The Risen 916, a composite kit aircraft designed around the Rotax 916 iS turbocharged engine, has attracted community skepticism over its advertised performance figures, which claim approximately 200 knots true airspeed at fuel burns in the 4 gph range — figures that appear to conflict with fundamental engine efficiency and aerodynamic principles. A Reddit discussion in r/flying captures this skepticism directly, drawing a comparison to the Lancair 360, a well-established high-performance composite kit that uses a Lycoming O-360-series engine producing approximately 180 horsepower (not 210 as the poster recalled) and achieves similar cruise speeds with fuel burns closer to 8–10 gph. The juxtaposition raises a legitimate engineering question: how does a lower-horsepower aircraft with less than half the fuel burn achieve comparable or superior cruise performance?

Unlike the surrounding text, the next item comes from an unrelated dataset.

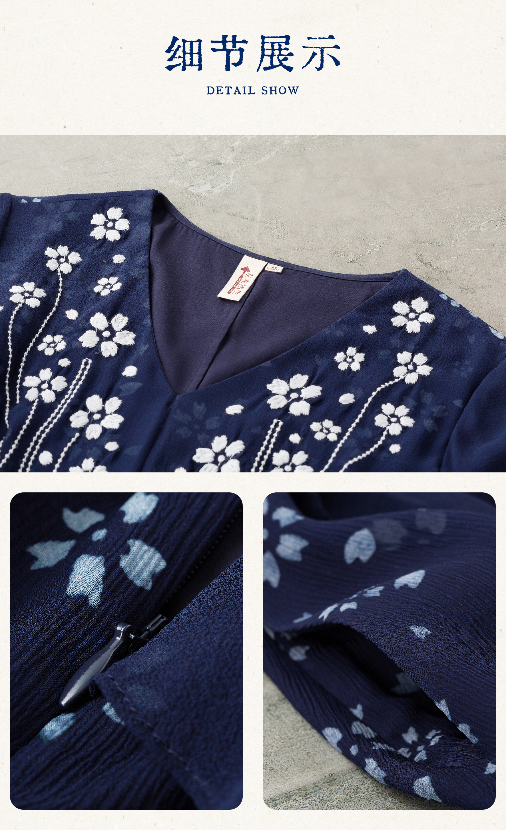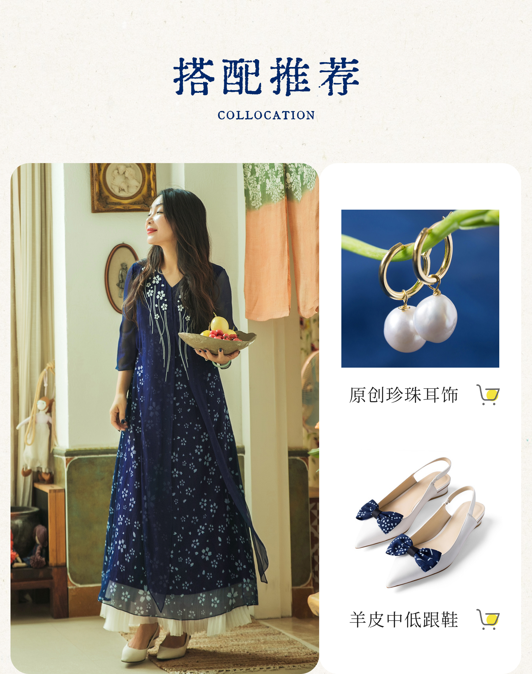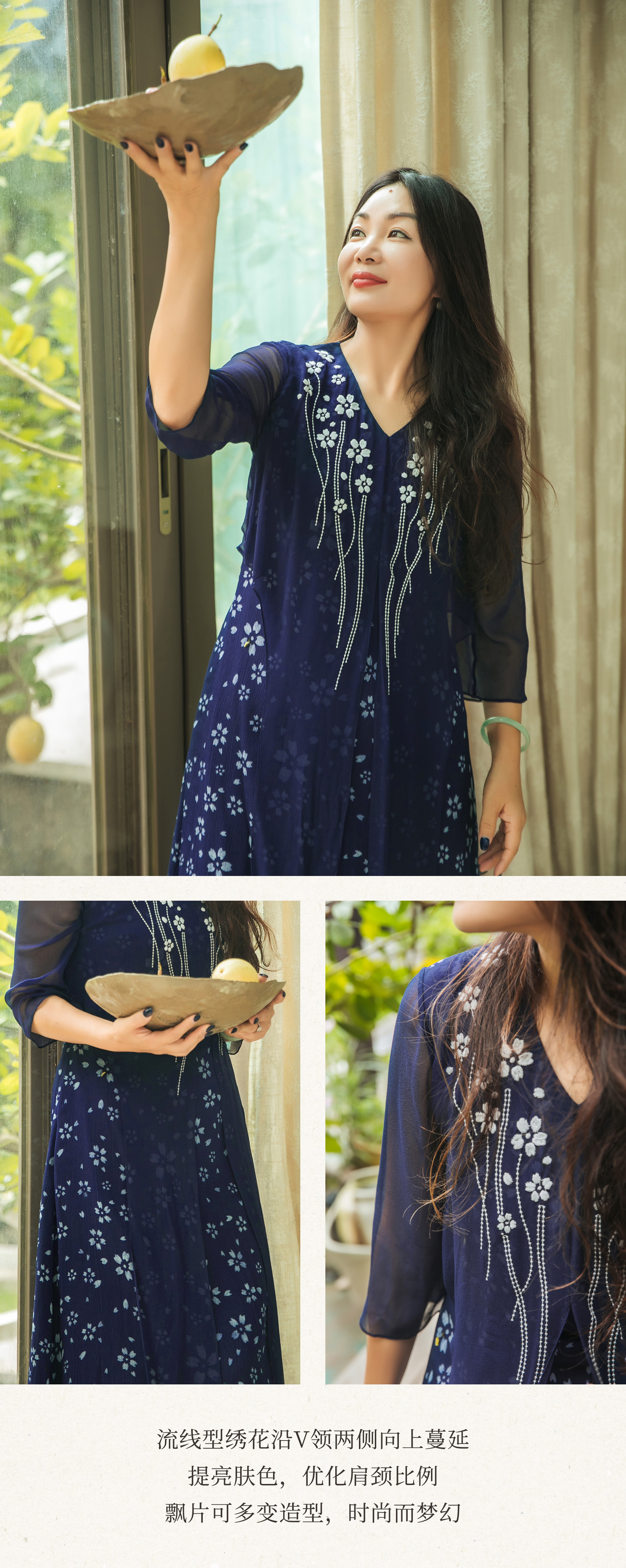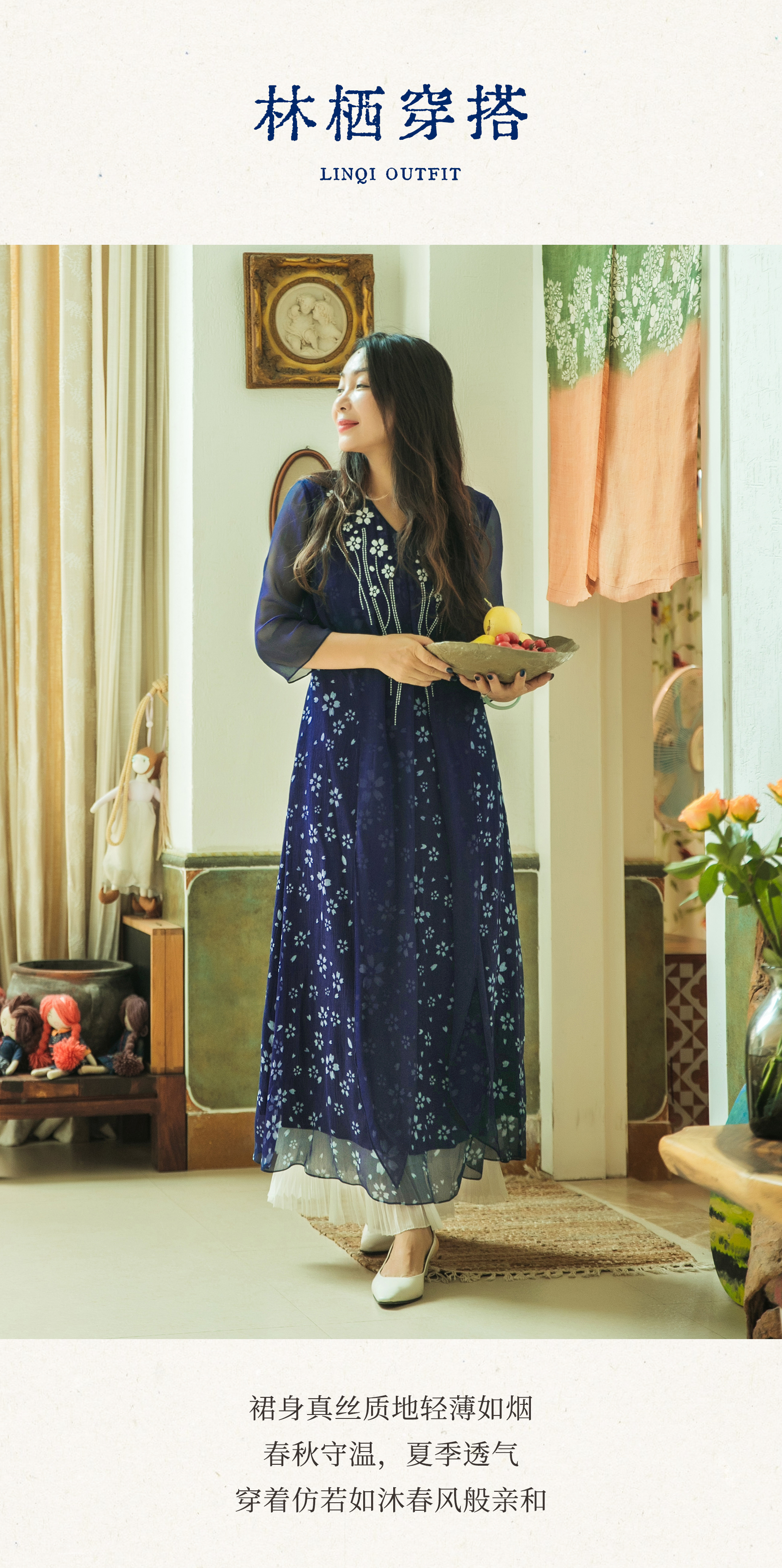 【林栖设计小店】【林栖推荐】2025年春夏新品蓝印花复古时尚绣花真丝连衣裙女1942507

The physics present a significant challenge to the Risen's advertised numbers at face value. The Rotax 916 iS produces 160 hp at max takeoff and approximately 141 hp at max continuous power. At any cruise power setting sufficient to produce 200 knots in a piston-powered aircraft of normal proportions, a Rotax 916 would realistically burn in the 6–9 gph range based on its published brake-specific fuel consumption curves. Achieving 200 knots at 4 gph would require a power required figure far below what conventional fixed-gear and even retractable composite kit aircraft demonstrate at sea level equivalent conditions. The numbers are not impossible if they reflect a specific altitude, a leaned long-range cruise power setting, and very favorable ambient conditions — but manufacturers often publish headline figures under optimized or non-representative conditions, and the community is right to scrutinize whether those numbers are directly comparable to the Lancair 360's benchmark performance.

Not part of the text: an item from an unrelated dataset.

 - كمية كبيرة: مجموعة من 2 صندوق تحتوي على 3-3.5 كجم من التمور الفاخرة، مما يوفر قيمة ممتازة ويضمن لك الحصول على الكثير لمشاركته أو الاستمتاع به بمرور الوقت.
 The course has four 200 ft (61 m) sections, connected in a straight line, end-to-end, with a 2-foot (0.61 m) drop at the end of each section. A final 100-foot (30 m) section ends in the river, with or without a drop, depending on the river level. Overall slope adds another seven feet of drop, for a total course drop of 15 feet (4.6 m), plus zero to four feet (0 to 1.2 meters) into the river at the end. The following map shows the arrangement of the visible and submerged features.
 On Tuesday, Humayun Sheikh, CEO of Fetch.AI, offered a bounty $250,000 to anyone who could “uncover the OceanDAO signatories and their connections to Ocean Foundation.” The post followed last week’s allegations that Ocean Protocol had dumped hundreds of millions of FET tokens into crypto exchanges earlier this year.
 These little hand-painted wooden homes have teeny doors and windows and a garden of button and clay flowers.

The Lancair 360 is a meaningful reference point precisely because its real-world performance is well-documented across decades of builder experience and pilot reporting. With an O-360 and a slippery composite airframe, it genuinely achieves 190–210 knots TAS at altitude depending on configuration, engine, and cruise power selection. The Risen 916 would need an exceptionally low-drag airframe — one meaningfully cleaner than the already-efficient Lancair design — combined with the Rotax 916's turbocharging advantage at altitude to make the numbers reconcile. Turbocharging does allow the Rotax to maintain power at higher density altitudes where true airspeed increases for a given indicated airspeed, which can make altitude-referenced cruise figures look compelling compared to a naturally aspirated competitor. This is a real performance advantage, but it does not by itself explain a halving of fuel burn for equivalent speed.

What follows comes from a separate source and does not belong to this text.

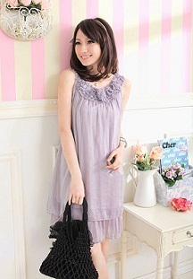 ขายส่ง LY ชุดเดรสแขนกุดผ้าชีฟองสีเทา แต่งดอกไม้รอบคอเสื้อ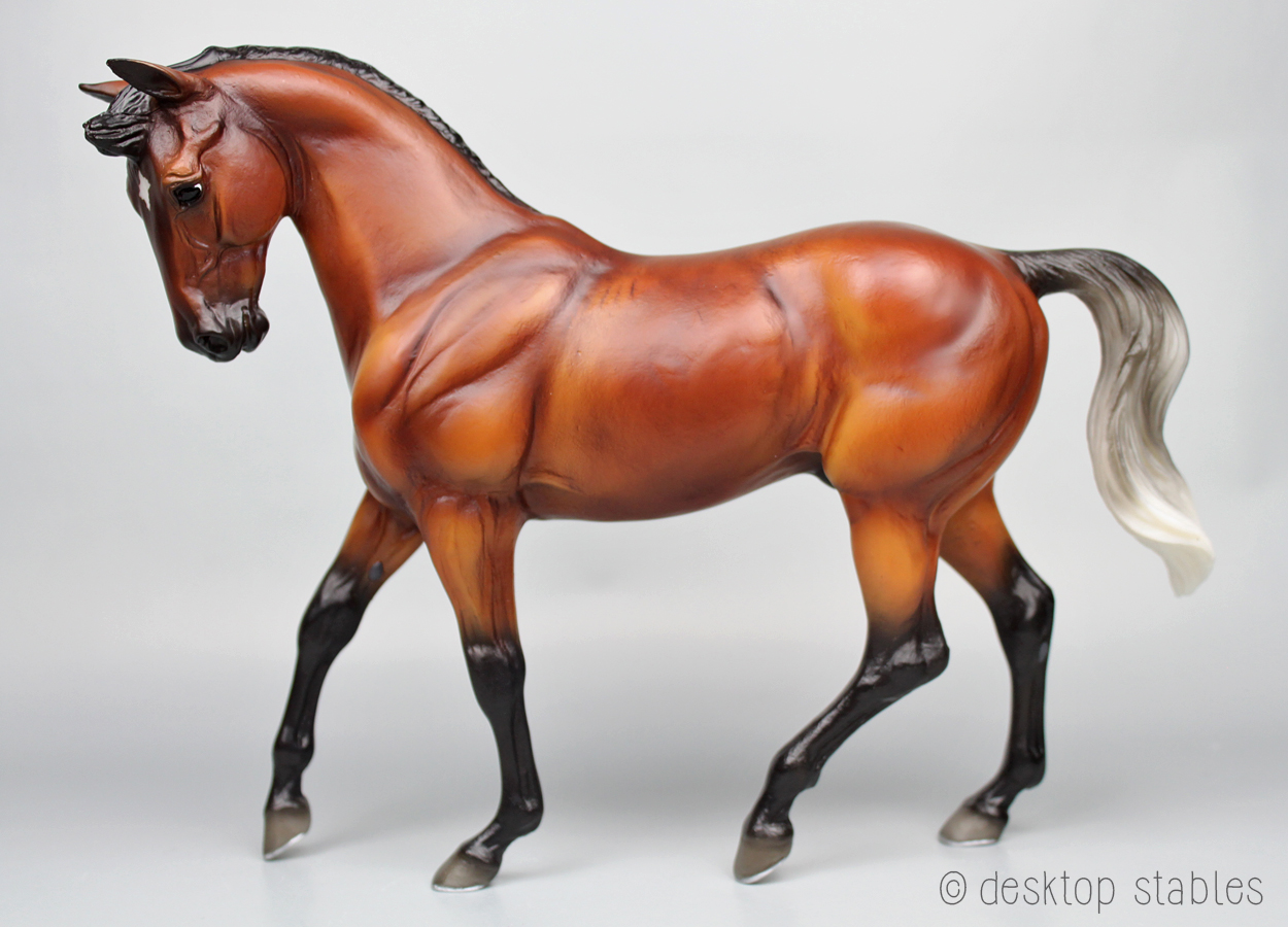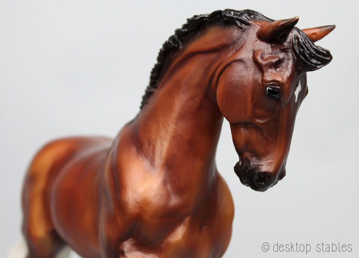 The chestnuts on mine were missing, so I broke out the paint and filled those in. While I was at it, I touched up some eartip rubs and painted his shoes. It bothers me when Breyers have sculpted shoes but they aren’t painted. 😄

For professional pilots and operators evaluating kit aircraft or advising clients who fly experimental aircraft, this comparison highlights the importance of scrutinizing performance claims with consistent methodology. Manufacturer-quoted speeds, altitudes, fuel flows, and power settings must be cross-referenced against independent builder reports, type club data, and first-principles analysis before being accepted as operationally representative. The broader trend in light kit aircraft development — particularly from newer entrants marketing Rotax-powered designs against the established Lancair, RV, and similar benchmarks — is toward aggressive headline numbers that attract attention but require careful parsing. For operators with Part 91 experimental aircraft in their fleets or advising high-net-worth pilots building kit aircraft, the Risen 916 versus Lancair 360 discussion is a microcosm of the due diligence required when evaluating any aircraft whose real-world envelope has not yet been validated across a large builder population.